After 20 years at Denny's and marketing company Moroch, Chrissy McKinney is ready to put her experience at Eggs Up Grill to work as vice president of marketing and communications. Ms. McKinney will elevate the emerging brand and support its love of omelettes, she said.
“Marketing involves quite a few different things, and I have a lot of experience in each area,” McKinney says. “I wanted to go with a smaller brand because I saw great potential to take the brand to the next level.”
With 75 stores now open and approximately 100 contracts signed along the East Coast, the Better Breakfast brand's goal is to have 100 units available by the end of the year.
McKinney has been in the industry since he was a teenager, working as a server and studying marketing in college. She wants to work with big brands and her first job at Moroch gave her 10 years of McDonald's marketing experience.
“I got to a point where I was like, 'I want to do more, I want to do national marketing, brand marketing, product marketing,'” she said. “Then she worked at Denny's for 11 years, looking for the next step in her career.”
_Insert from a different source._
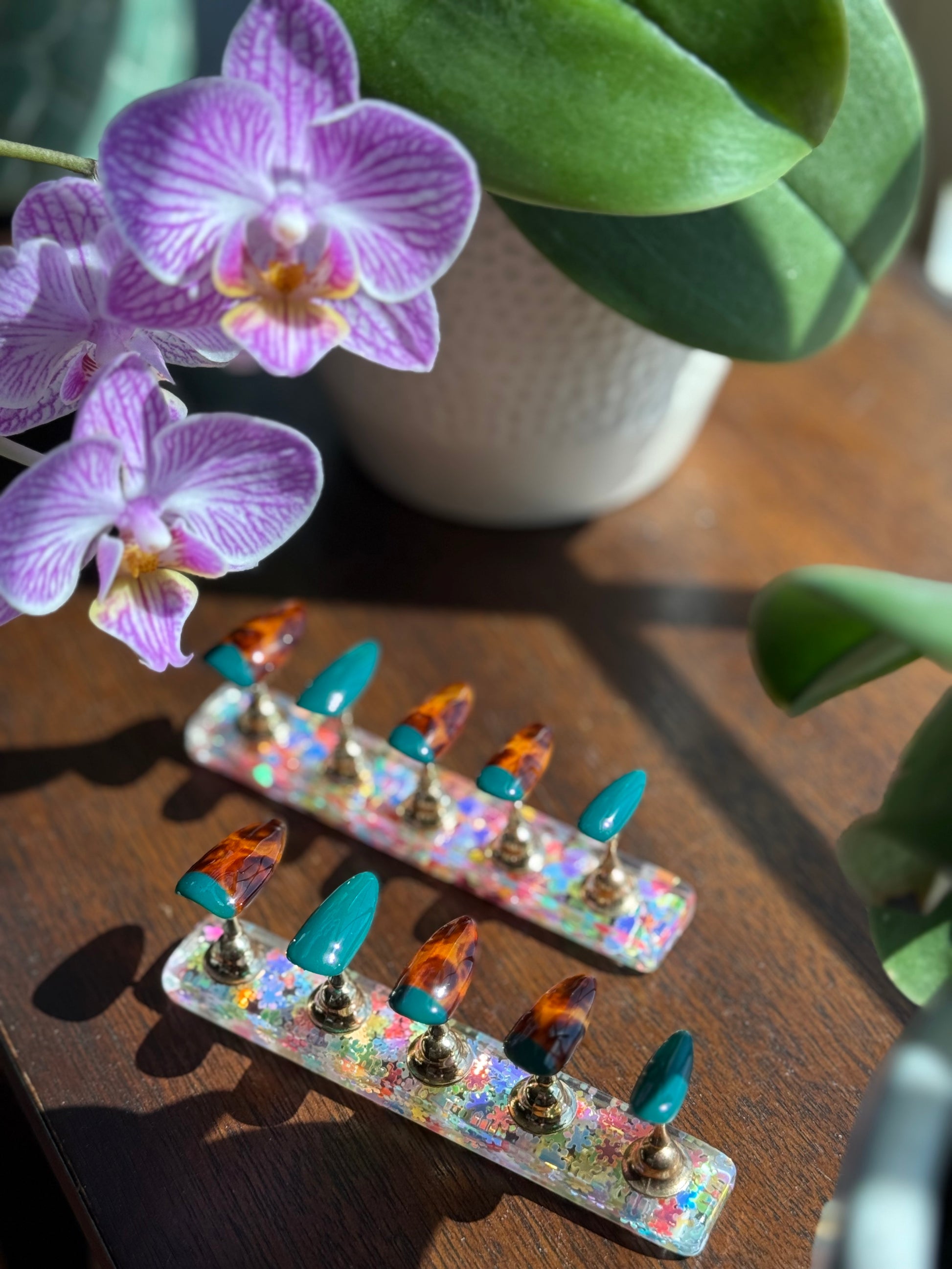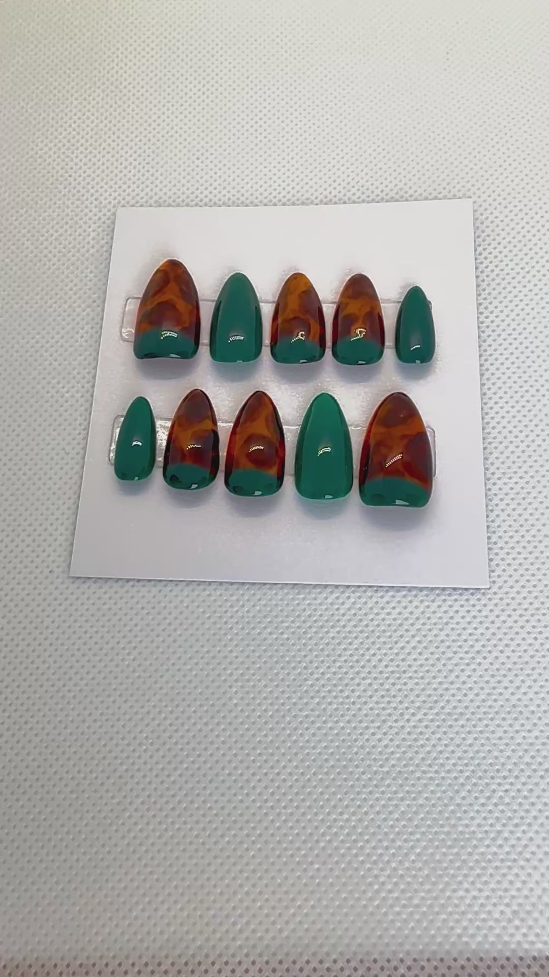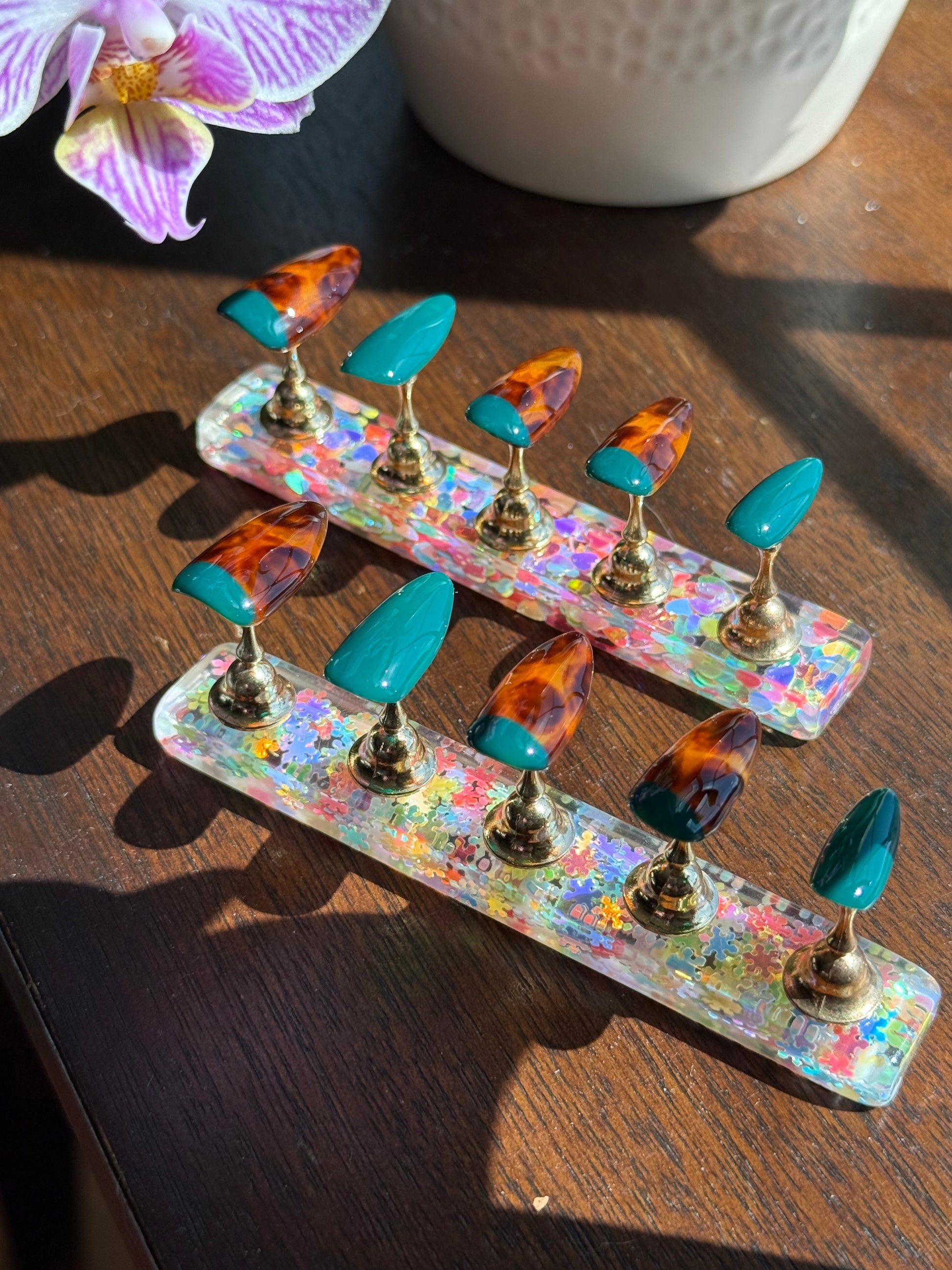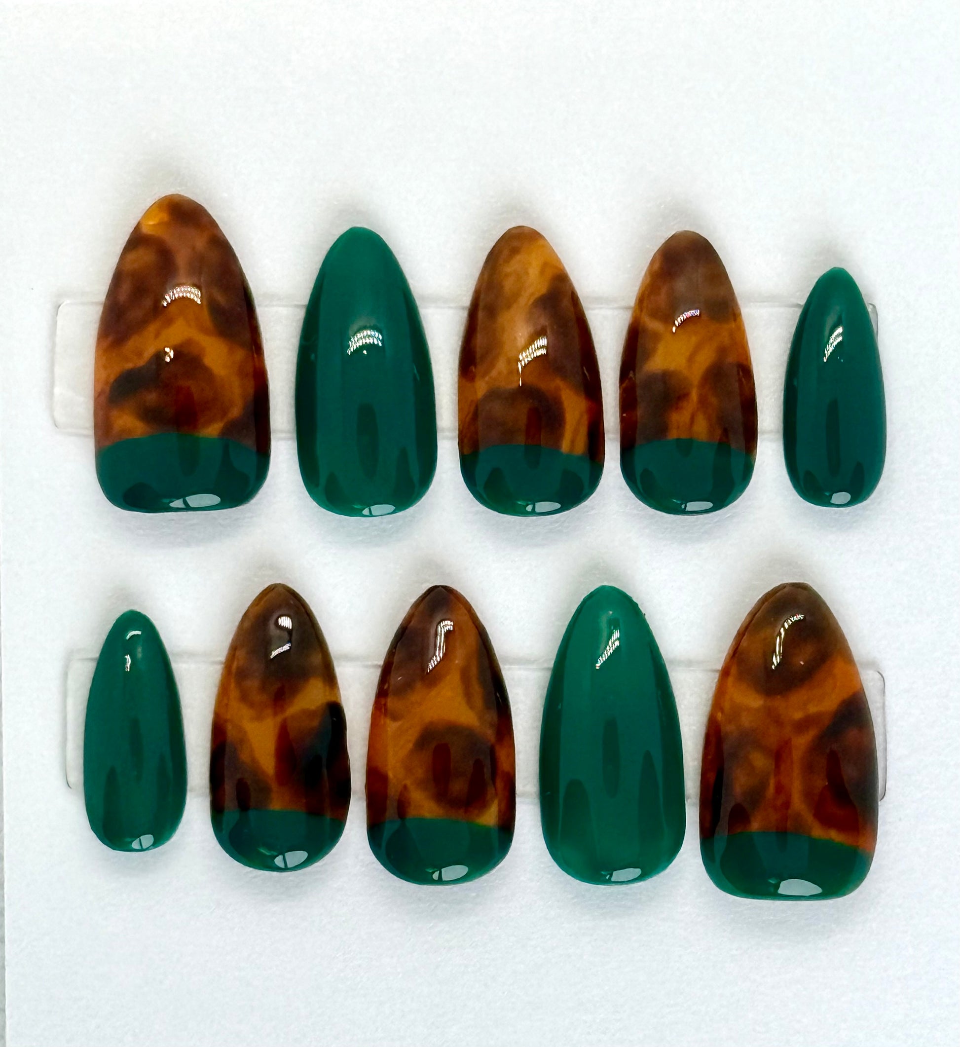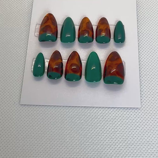 Perfect for fall and winter, this set brings together the timeless look of tortoiseshell with the vibrance of evergreen—making it a versatile choice for both everyday wear and special occasions. Custom-fitted, reusable, and designed to turn your nails into a statement piece.

She wanted her next step to be a smaller brand, and McKinney seemed like a local brand. As a regular customer of her Eggs Up in South Carolina, she contacted management. Their passion for her industry gave her confidence in her Eggs Up.
From a marketing standpoint, McKinney hopes to capitalize on the growing interest in the breakfast concept to take Eggs Up to the next level. To differentiate her brand from its competitors, she looked inward. Since she joined the company in December, McKinney has focused on menu innovation.
Founded in the southeastern United States, the menu focuses on local flavors, and McKinney hopes to maintain that as the brand expands into new regions. Partnering with financial strategists is part of menu innovation as product prices continue to fluctuate.
Related: From IHOP to Eggs Up Grill, franchisees are finding success with breakfast.
McKinney is part of an effort to upgrade the brand's technology stack. She wants Eggs Up to be a data-driven concept, especially when it comes to seeing the impact of small changes in real time.
She's already been part of some changes, and McKinney isn't slowing down. By the end of the year, she hopes to help bring Eggs to up to 100 locations, and will continue to do so in 2025. To ensure that happens, McKinney and his team are building a “robust local marketing plan.” Engaging with your franchisees and keeping them in the loop is key to launching these marketing efforts.
“The opportunity to really make a difference is the biggest thing that really drew me to this brand,” McKinney said. “We can take on projects and make a difference for our franchise partners, who are mostly ordinary people.”